厚生労働省

業務継続計画(BCP)とは

BCP(ビー・シー・ピー)とは Business Continuity Plan の略称で、「業務継続計画」などと訳されます。

令和6年度から、障害福祉サービス事業所に対してBCPの作成が義務付けられることになりました。

業務継続計画(BCP)とは、要約すると、

「大規模震災や水害などの自然災害が起きたとしても、障害福祉サービスを継続的に提供できるよう体制を整えるための計画」

となります。

厚生労働省からBCP作成のためのガイドラインも公表されていますので、障害福祉サービス事業者さんは目を通しておかれることをお勧めします。

障害福祉サービス事業所等における自然災害発生時の事業継続ガイドライン

障害福祉サービス事業所等における自然災害発生時の事業継続ガイドライン(厚生労働省)

上記ガイドラインにおいて、BCP策定の重要性について、次の記述があります。

障害福祉サービスは、障害者、その家族等の生活を支える上で欠かせないものであり、昨今大規模な災害の発生がみられる中、施設・事業所等において、災害発生時に適切な対応を⾏い、その後も利⽤者に必要なサービスを継続的に提供できる体制を構築することが重要です。
こうした観点から、全ての障害福祉サービス等事業者を対象に、運営基準において、業務継続に向けた計画等の策定や研修の実施、訓練の実施等を義務付けることとされました。
なお、3年間の経過措置(準備期間)を設けており、令和6年度から義務化されます。
本ガイドラインの目的は、大地震や水害等の自然災害に備え、障害福祉サービスの業務継続のために平時から準備・検討しておくべきことや発生時の対応について、障害福祉サービス類型に応じたガイドラインとして整理しました。

BCPの策定や研修の実施、訓練の実施等が令和6年度から義務付けられます。ただし、義務化までには準備期間が設けられています。

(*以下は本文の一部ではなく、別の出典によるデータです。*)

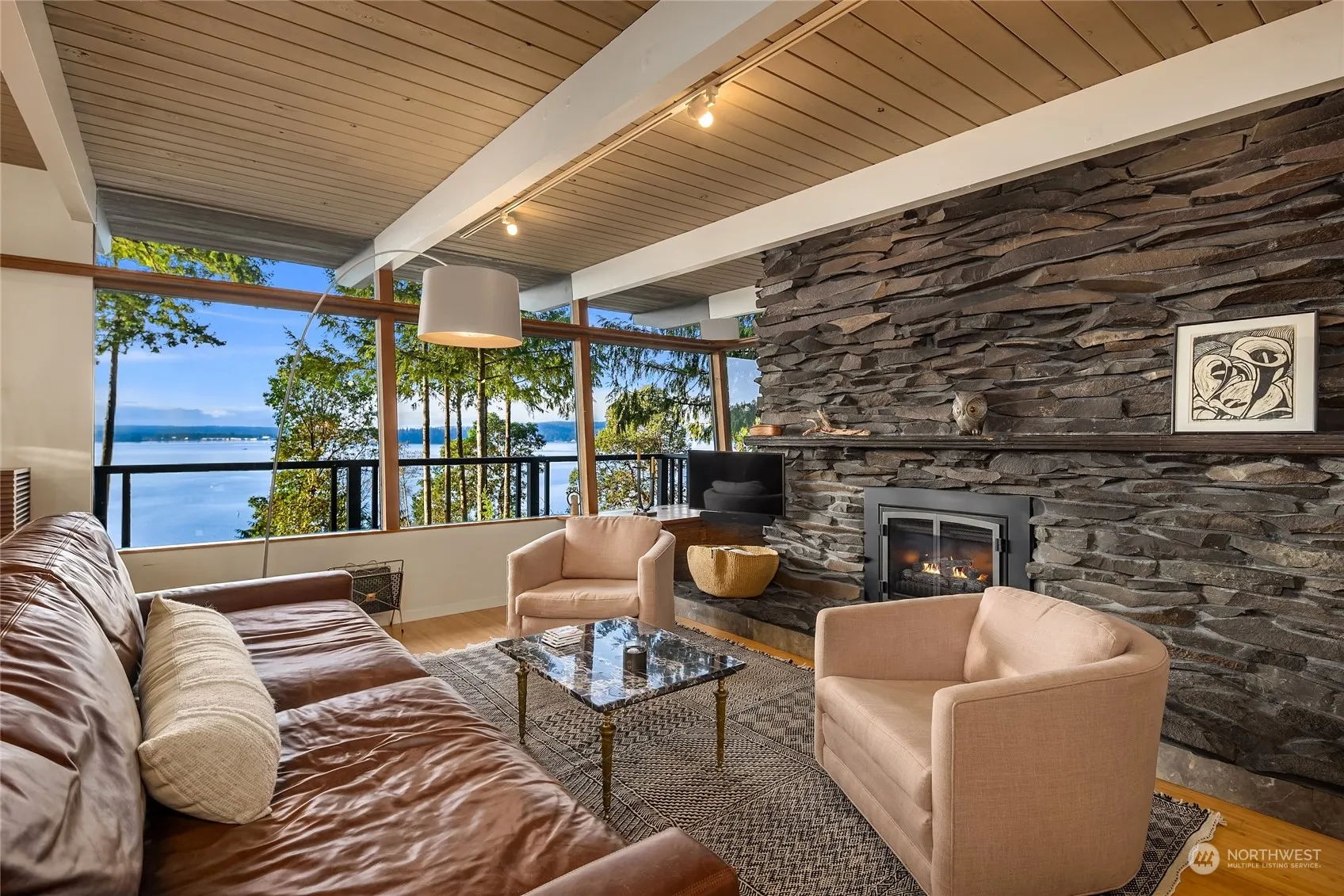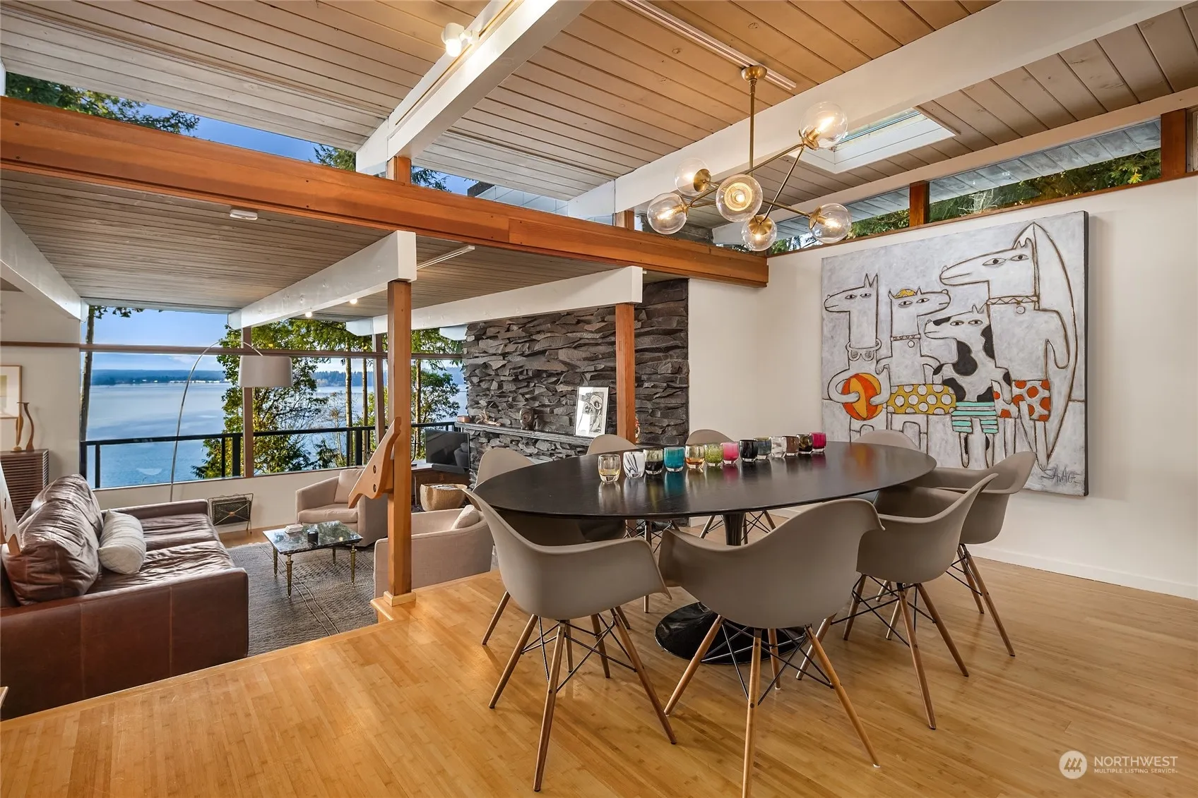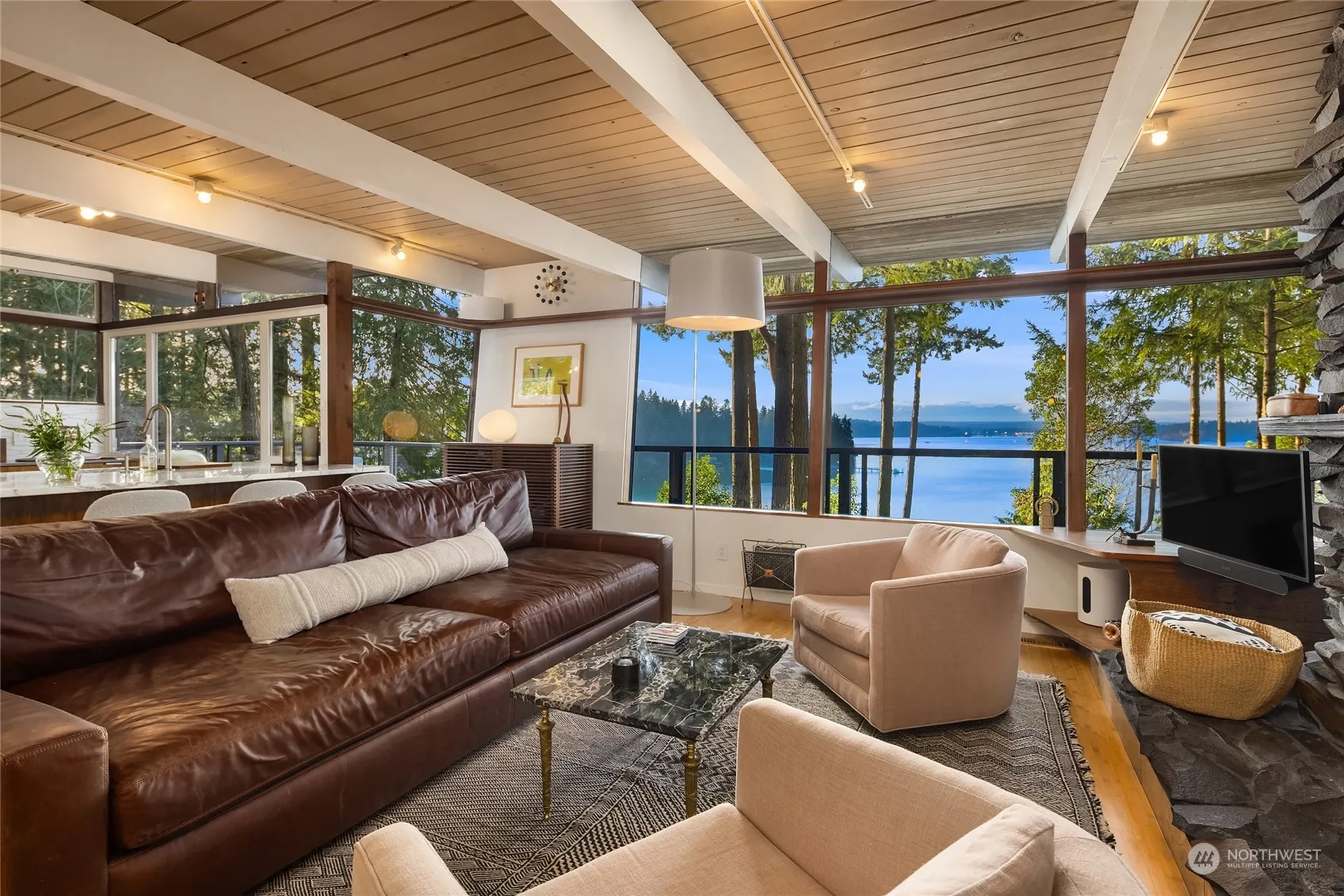 A very cool Mid-Century Modern waterfront home on a shy acre with beautiful western views from almost every room. An easy trail leads to your private bulkheaded beach with 202 ft of shoreline. Custom walnut cabinetry, marble island, Thermador Range, Sub-Zero Fridge, a La Marzocco espresso machine and connecting view deck are just some of the amazing kitchen features. This efficient multi-level floor plan has amazing flex spaces and abundant natural light with a main floor den/office and primary bedroom with a high-end modern bath. Lower level has a flex-room, media room plus two more bedrooms. Professionally installed mooring buoy, two levels of decks for entertaining. View garage could be perfect 2nd home office. Island living at its best!
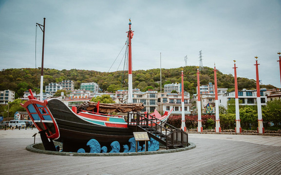 继续往前,渔村广场高耸的桅杆和大木船气势非凡,总会引得游人驻足拍照,欣赏留念。
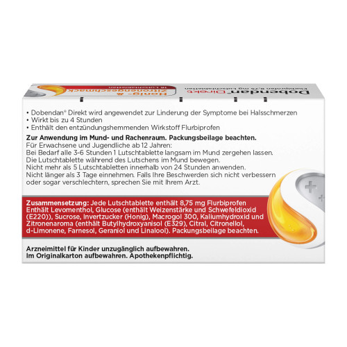Dobendan® Direkt Flurbiprofen 8,75 mg Lutschtabletten. Wirkstoff: Flurbiprofen. Anwendungsgebiete: Zur kurzzeitigen symptomatischen Behandlung bei schmerzhaften Entzündungen der Rachenschleimhaut bei Erwachsenen und Kindern ab 12 Jahren. Warnhinweise: Enthält Levomenthol, Sucrose, Glucose und Honig.

この準備期間を有効的に活用し、それぞれの障害福祉サービス事業所において、BCPの策定等を行いましょう。

BCPの策定は、原則、事業所単位です。

自然災害BCPの全体像

上記ガイドラインには、自然災害(震災・水害)BCPのフローチャートも掲載されています。

BCP

(出典:障害福祉サービス事業所等における自然災害発生時の事業継続ガイドライン)

BCPの全体像・フローチャートでは、

  1. 概要
  2. 平常時の対応
  3. 緊急時の対応
  4. 他施設との連携
  5. 地域との連携

とされていますので、これらに則ってBCPを策定されていくと良いかと思います。

ここでは、業務継続を困難とさせるケースとして、「平常時の対応」と「緊急時の対応」が挙げられています。

平常時の対応

平常時の対応には、

  • 建物・設備の安全対策
  • 電気が止まった場合の対策
  • ガスが止まった場合の対策
  • 水道が止まった場合の対策
  • 通信が麻痺した場合の対策
  • システムが停止した場合の対策
  • 衛生面(トイレ等)の対策
  • 必需品の備蓄
  • 資金手当

があります。

緊急時の対応

緊急時の対応には、

  • BCP発動基準
  • 行動基準
  • 対応体制
  • 安否確認
  • 職員の参集基準
  • 施設内外での避難場所・避難方法
  • 重要業務の継続
  • 職員の管理
  • 復旧対応 etc

が挙げられています。

これらを一つひとつ見ていくと、それぞれの対応方法について、イメージが湧きやすいかと思います。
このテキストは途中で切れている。